Give back the whole listing verbatim, printing none of its pictures.

Segment Start: Dataset section

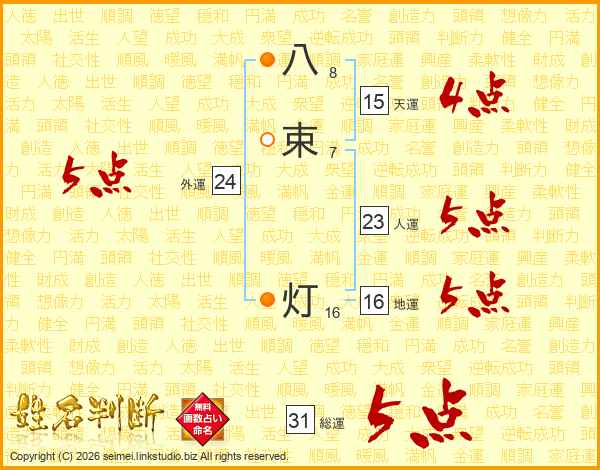 八束灯さんの総運は31画の5点!
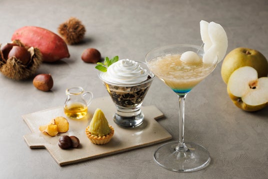 秋のBar19は、梨や栗、芋を主役に実りの秋を感じるカクテル2種をご用意いたします。フレッシュの梨1個分を贅沢に使ったカクテル「梨丘(りきゅう)」は、すりおろした梨の瑞々しい甘みと、ジンの爽やかな香りが絶妙に調和し、グラスに添えた梨の果肉がさらに芳醇な香りを引き立てる一杯です。はじめのひと口は混ぜずにそのままで梨の味わいを楽しみ、グラスの底に沈めたブルーキュラソーを混ぜると色が変化し、少し甘み感じる一杯になります。期間中、爽やかな味わいの20世紀梨や甘み豊かな西洋梨など季節の梨を使うので、訪れるたびに異なる味わい楽しめるのもこのカクテルの魅力です。「AUTUMN HARMONY(オータム ハーモニー)」は、コーヒーゼリーと栗のリキュールを使った、デザート感覚で楽しめる食べるカクテル。焼き芋焼酎を合わせた芋のペーストやチップスを飾るとパフェ風に。お好みでチョコレートラムをかければ、カカオの香りとラム酒のほろ苦さが加わり大人の味わいに変化します。
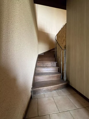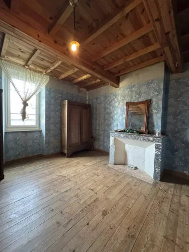 On the ground floor, it offers a large 30 m² living room and a 25 m² kitchen with a fireplace, then a bathroom with a toilet.

Segment End: Dataset section

▶ _The answer_
 八束灯さんの総運は31画の5点!
 秋のBar19は、梨や栗、芋を主役に実りの秋を感じるカクテル2種をご用意いたします。フレッシュの梨1個分を贅沢に使ったカクテル「梨丘(りきゅう)」は、すりおろした梨の瑞々しい甘みと、ジンの爽やかな香りが絶妙に調和し、グラスに添えた梨の果肉がさらに芳醇な香りを引き立てる一杯です。はじめのひと口は混ぜずにそのままで梨の味わいを楽しみ、グラスの底に沈めたブルーキュラソーを混ぜると色が変化し、少し甘み感じる一杯になります。期間中、爽やかな味わいの20世紀梨や甘み豊かな西洋梨など季節の梨を使うので、訪れるたびに異なる味わい楽しめるのもこのカクテルの魅力です。「AUTUMN HARMONY(オータム ハーモニー)」は、コーヒーゼリーと栗のリキュールを使った、デザート感覚で楽しめる食べるカクテル。焼き芋焼酎を合わせた芋のペーストやチップスを飾るとパフェ風に。お好みでチョコレートラムをかければ、カカオの香りとラム酒のほろ苦さが加わり大人の味わいに変化します。
 On the ground floor, it offers a large 30 m² living room and a 25 m² kitchen with a fireplace, then a bathroom with a toilet.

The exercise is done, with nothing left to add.